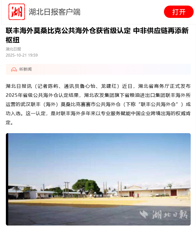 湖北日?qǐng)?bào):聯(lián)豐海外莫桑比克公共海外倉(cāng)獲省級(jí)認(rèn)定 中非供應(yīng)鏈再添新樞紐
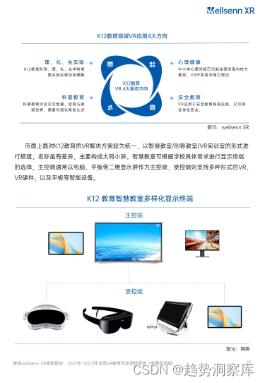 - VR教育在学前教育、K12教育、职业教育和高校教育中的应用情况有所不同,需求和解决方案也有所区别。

==

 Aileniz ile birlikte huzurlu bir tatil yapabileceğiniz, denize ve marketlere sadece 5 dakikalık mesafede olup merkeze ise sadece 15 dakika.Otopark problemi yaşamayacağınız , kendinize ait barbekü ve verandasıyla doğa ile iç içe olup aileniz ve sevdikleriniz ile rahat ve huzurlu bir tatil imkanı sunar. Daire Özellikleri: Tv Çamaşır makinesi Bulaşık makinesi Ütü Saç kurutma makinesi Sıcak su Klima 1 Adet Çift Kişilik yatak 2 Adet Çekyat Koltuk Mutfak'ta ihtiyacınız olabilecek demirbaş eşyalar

### WORK ITEM:
Lines from the one above containing "湖北日?qǐng)?bào)" down to the one containing "- VR教育在学前教育、K1" should be transcribed exactly, with both ends kept and no pictures.

### SOLVED EXERCISE:
 湖北日?qǐng)?bào):聯(lián)豐海外莫桑比克公共海外倉(cāng)獲省級(jí)認(rèn)定 中非供應(yīng)鏈再添新樞紐
 - VR教育在学前教育、K12教育、职业教育和高校教育中的应用情况有所不同,需求和解决方案也有所区别。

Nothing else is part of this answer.